Rose began attending Wednesday evening workshops at Concept — The Velocity Innovation Center in Waterloo that helps turn ideas into businesses.
“I learned to assess the commercial viability of an idea and how it plays out in an ecosystem. It’s great to have an interesting science idea, but until you understand the business side of it, you can’t have real-world impact with it,” she says. “We have to teach the business side of things to scientists. I think that’s what Waterloo does well.
The other big draw for Rose was Waterloo’s policy on creator intellectual property that allows researchers to commercialize their discoveries.

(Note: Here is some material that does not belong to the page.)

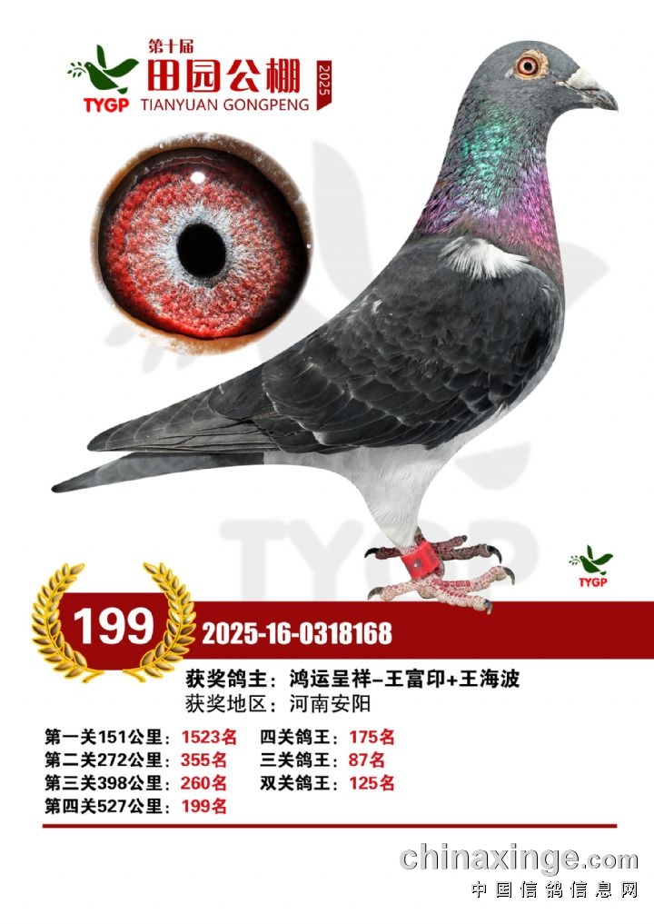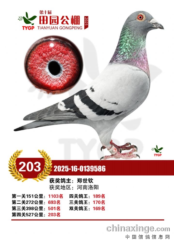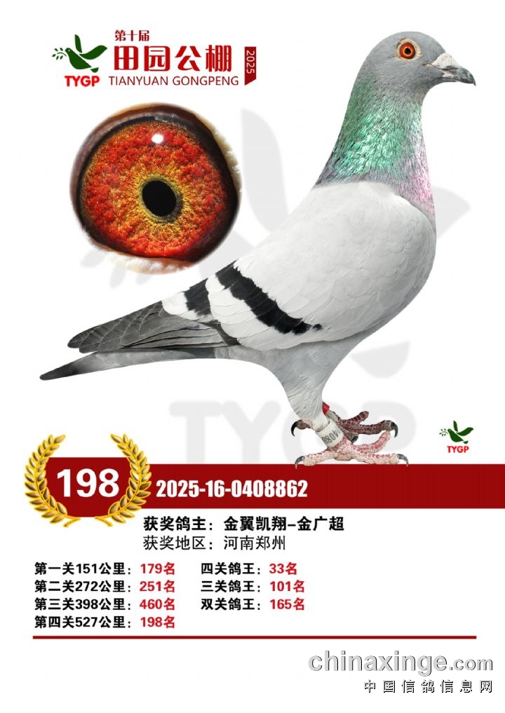 郑州田园公棚决赛获奖鸽照片166-180名
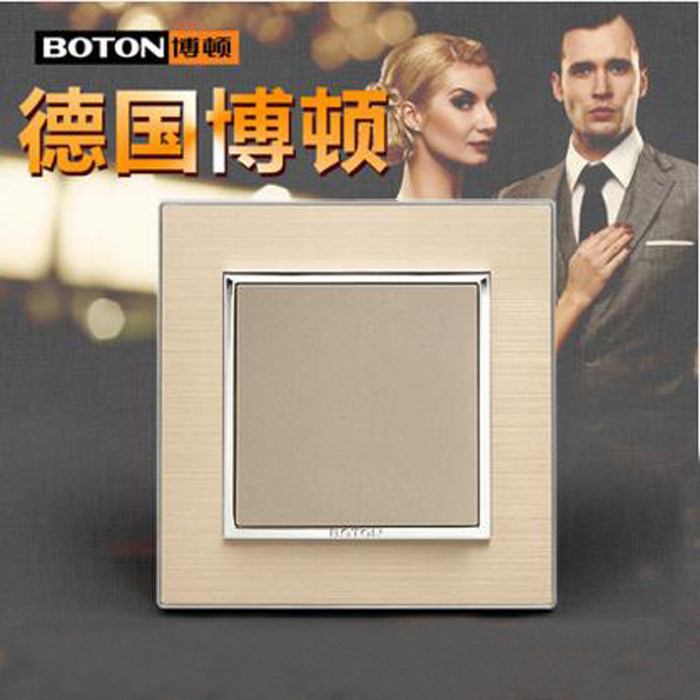 📚 德国博顿开关香槟金拉丝金属面板开关插座钢塑中板 一开双控

In 2021, Ceragen became a resident member of Speed — where Rose and her team are currently working on the development of new microbial products. But Velocity is more than a space for his lab, it’s a support network and his first investor. Velocity is Canada’s most successful incubator and has helped grow over 400 companies.
“Velocity has provided me with world-class mentorship and guidance that has been fundamental in moving Ceragen forward. They have given us fantastic space and early investment. The lab facilities and equipment we have access to would cost us a lot money as a leading biology company. Velocity has allowed us to scale and realize the impact I know we can have in this industry.”
The future ahead
With two products launched and many more on the horizon, Rose looks forward to increasing sales in Canada and the United States and developing new products for other types of crops. As Ceragen continues to grow, Rose cites two key elements that are critical to their success.
“You need a market-ready product and a great team. Product market fit is what drives a company’s rapid growth from a sales perspective. A great team full of people you can rely on is how the company continues to drive growth beyond what the founders could achieve on their own.
Funding is also a critical factor, but often difficult to obtain. “It can be difficult in Canada to get seed funding for technology development when you’re just starting out. Matching funding programs are amazing, but only if you have some initial funds to get started,” Rose says.
Continued investment is therefore essential if Canada is to see continued growth within its innovation ecosystem. “I think additional grants in the range of $250,000 to $500,000 for initial business development would go a long way in getting more startups to a point where they’re ready for institutional investment.”